Призрачный ветер (СИ) - Шуракова Ангелина. Страница 21
Злате вспомнился дом, Грэсси, Илья. Руки прижали к груди фигурку. Неизвестно, когда она выберется отсюда и станет обычной. А может, это все сон? Может, она проснется утром и окажется у себя в кровати? «Нет, — призналась она себе, — это правда». Завтра у нее занятие по вокалу, но вряд ли она попадет на него, если не станет прежней.

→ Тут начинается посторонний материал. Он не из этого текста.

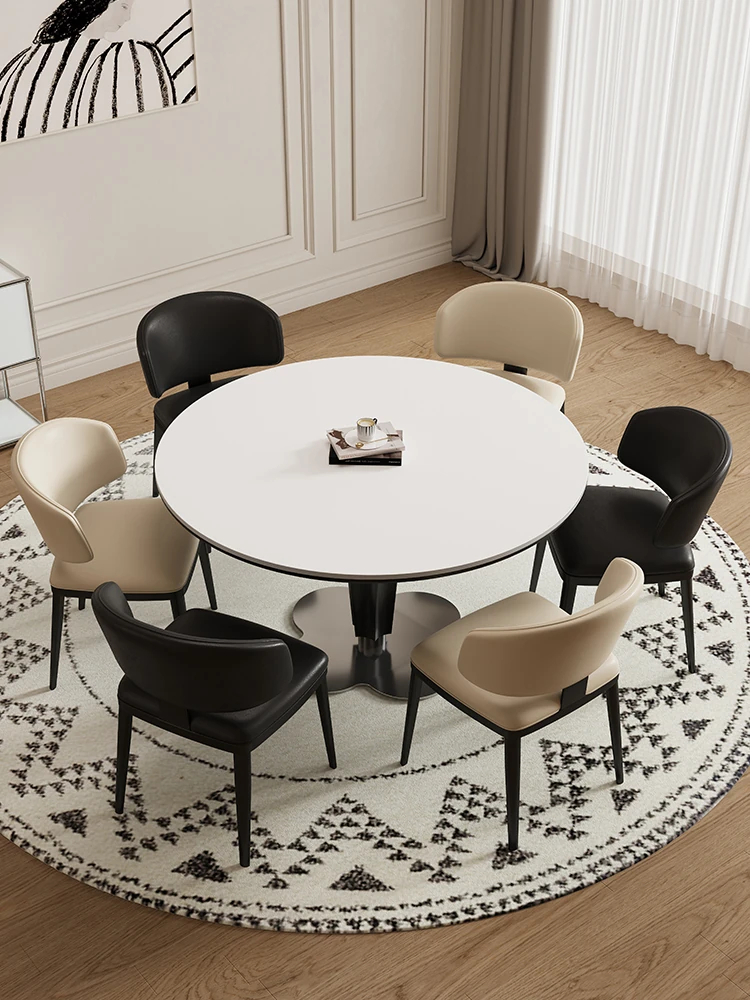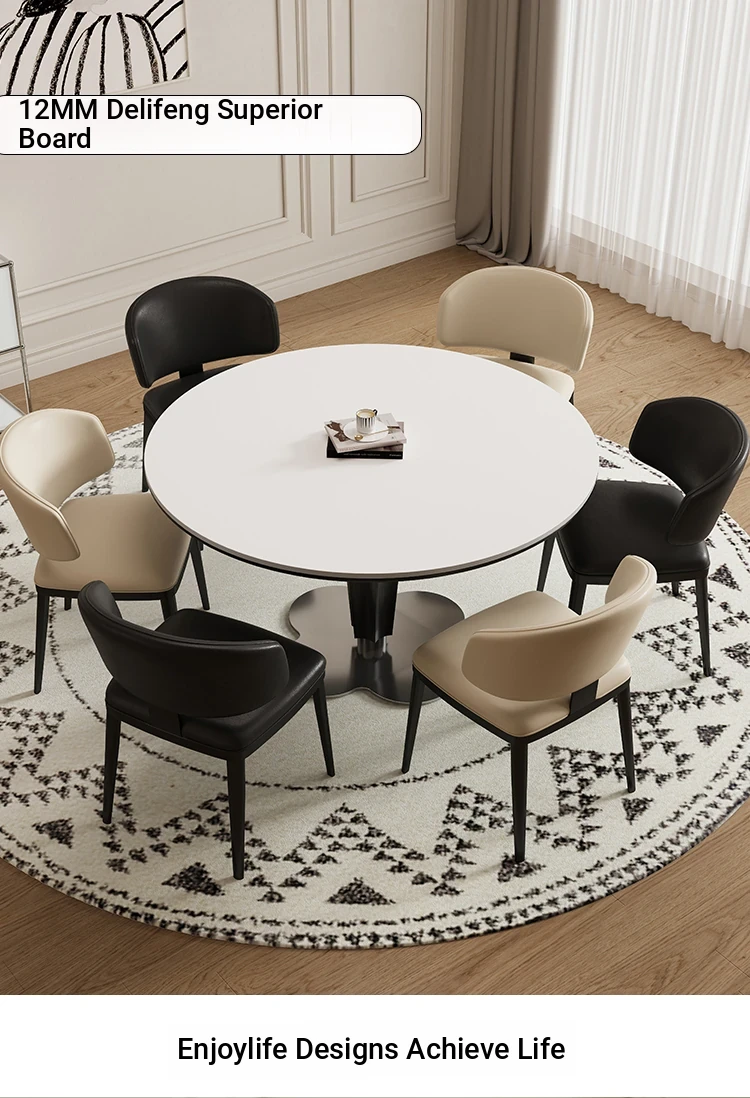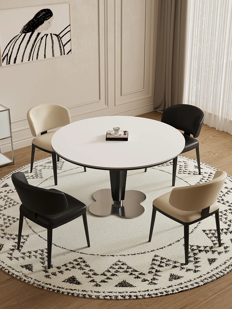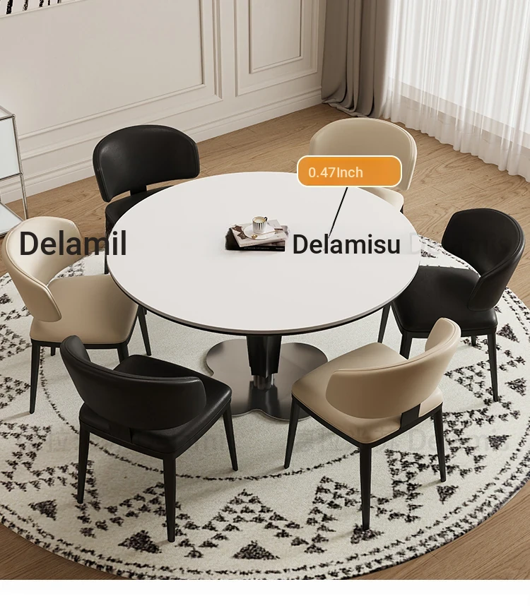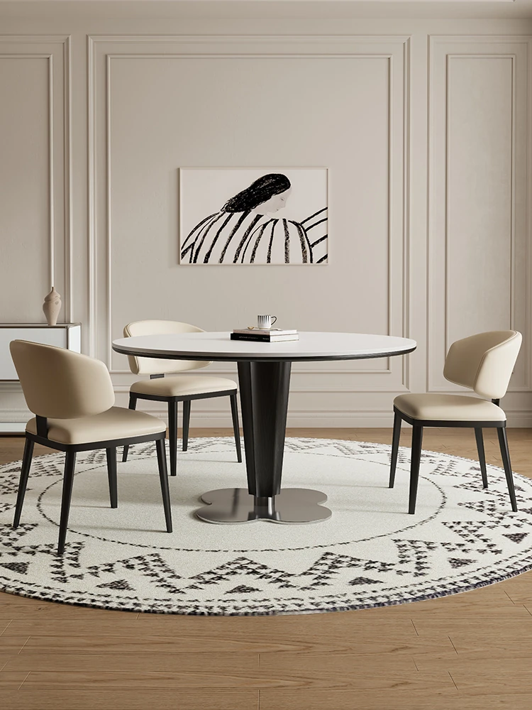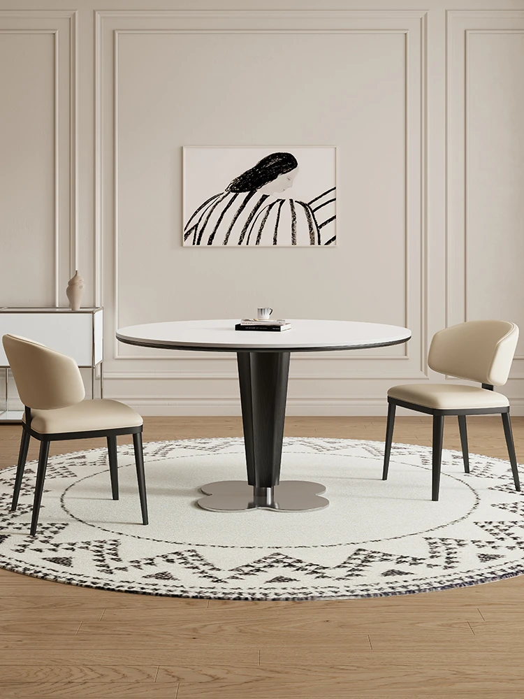 Delifeng Solid Wood Rock Plate Dining Table - French Cream Vintage Round Designer Table for Small Spaces - Perfect for Cozy Dining Experiences
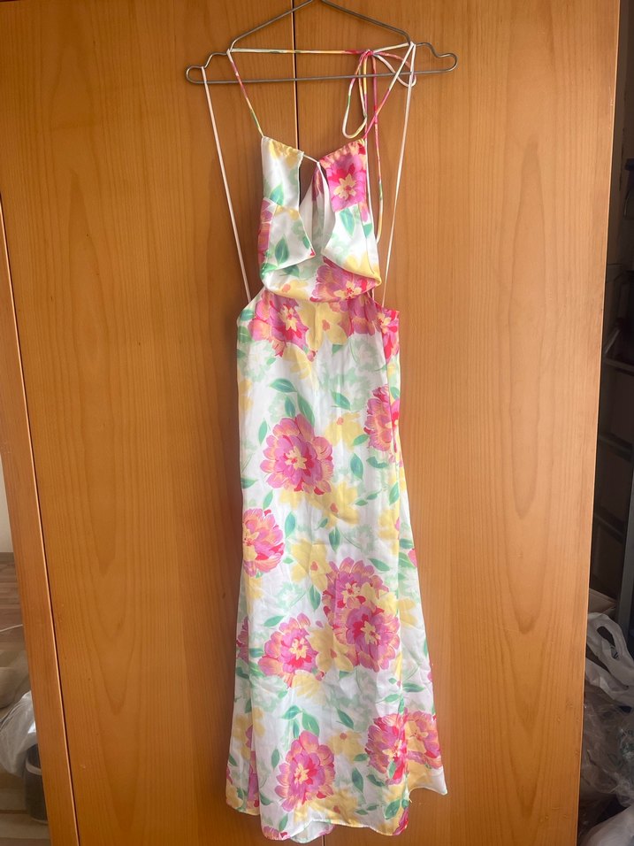 Uzun, bol kesim bohem elbise, askılı ve drapeli tasarıma sahiptir. Yumuşak sentetik kumaştan yapılmış, pastel tonlarda tie-dye çiçek desenlidir, parti için uygundur.

Злата вздохнула. Сергей Григорьевич, вокальный руководитель, терпеть не мог, когда она опаздывала. В таких случаях заряжался тирадой минут на пять, а то и десять. Вместо занятий вокалом приходилось слушать его нытье. Сердито хмуря брови, он говорил: «А вот что будет, если я не приду на урок, а? Или возьму аккорд с большим опозданием, или вместо соль нажму ре? А? Или резко изменю темп? Понравится? Вряд ли. Должен быть порядок во всем!».
Злате не хотелось думать, как он разозлится, если она не только не придет на урок, но даже не предупредит, что ее не будет. Однажды она опоздала, когда перебежала дорогу на красный цвет и ее задержал Илья.
Илья. Почему он не выходил у нее из головы? Она представила, как он обнимает ее и целует. Мысли стали путаться, и Злата не заметила, как уснула.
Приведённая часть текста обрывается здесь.